The code can be found at the end of this post.

Potential Problems

There is a reasonable desire to improve the throughput of both arcmain processes by increasing the SESSIONS=NN argument.
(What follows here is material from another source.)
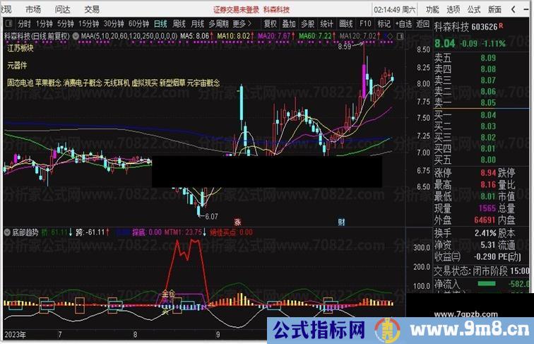绝佳买点:IF(C=C,MA(IF(LOW<=VARF10,(VARFF+VARF11*2)/2,0),3),100000000)/(200),COLORRED,LINETHICK2;

I have had "general communication" errors when setting this argument to greater values.

Future improvements

This script was coded quickly and there are parts that need improvements - esp to make it generic for running any environment.
  • Allow whitespace in the file with the list of database tables (see example below)
  • Add break-point to a staging area to support migration across remote sites
    • Add compression support to arcmain procedures
    • Add chunking of arcmain archives (breaking into xGB chunks)
    • Adding copy across a network via SSH
  • Add check to determine whether the db.table already exists in the TGT system
    • If so, allow option of suffixing with date YYYYMMDD or NNN version number
  • GUI - there is already a product to do this - so probably not
Use and Support

Happy for the code to be used (at your own risk).
There is no support for this code - though would be happy to assist if able.

Code Listing


$ cat mig_test2dev.ksh
#!/bin/ksh
# Program: mig_test2dev.ksh
# Description: Teradata data migration script.
# Moves data between TD system SRC (ie SouRCe) and TD system TGT (ie TarGeT)
# Version: 1.0 gml 31-May-2011 Initial version
# ---------------------------------------------------------------------------------------

err_msg() {

echo "ERROR: in $PRG - $1"
echo "usage: mig_test2dev.ksh ARC_OBJ_LIST="
echo "example: ./mig_test2dev.ksh ARC_OBJ_LIST=/tmp/example_archive_file_list 2>&1 | tee mig_test2dev.log"
exit 1

}

# Remove remnant FIFOs
cleanup_fifo() {

if [ -n "$DEBUG" ]
then
set -x
fi

SRC_OR_TGT=$1
# clean up existing ARC_FIFO
if [ -p "${ARC_FIFO}_${SRC_OR_TGT}" ]
then
rm ${ARC_FIFO}_${SRC_OR_TGT}
fi

}

# create the arcmain scripts
create_arcmain_script() {

if [ -n "$DEBUG" ]
then
set -x
fi

SRC_OR_TGT=$1
THE_ARCMAIN_SCRIPT=${ARCMAIN_SCRIPT}_${NOW}_${SRC_OR_TGT}.arc
TMP_ARC_SCRIPT=${ARC_OBJ_LIST}.$$ # To create a temp script file
THE_ARC_FIFO=${ARC_FIFO}_${SRC_OR_TGT} # The FIFO is named in the arcmain script (instead of a filename)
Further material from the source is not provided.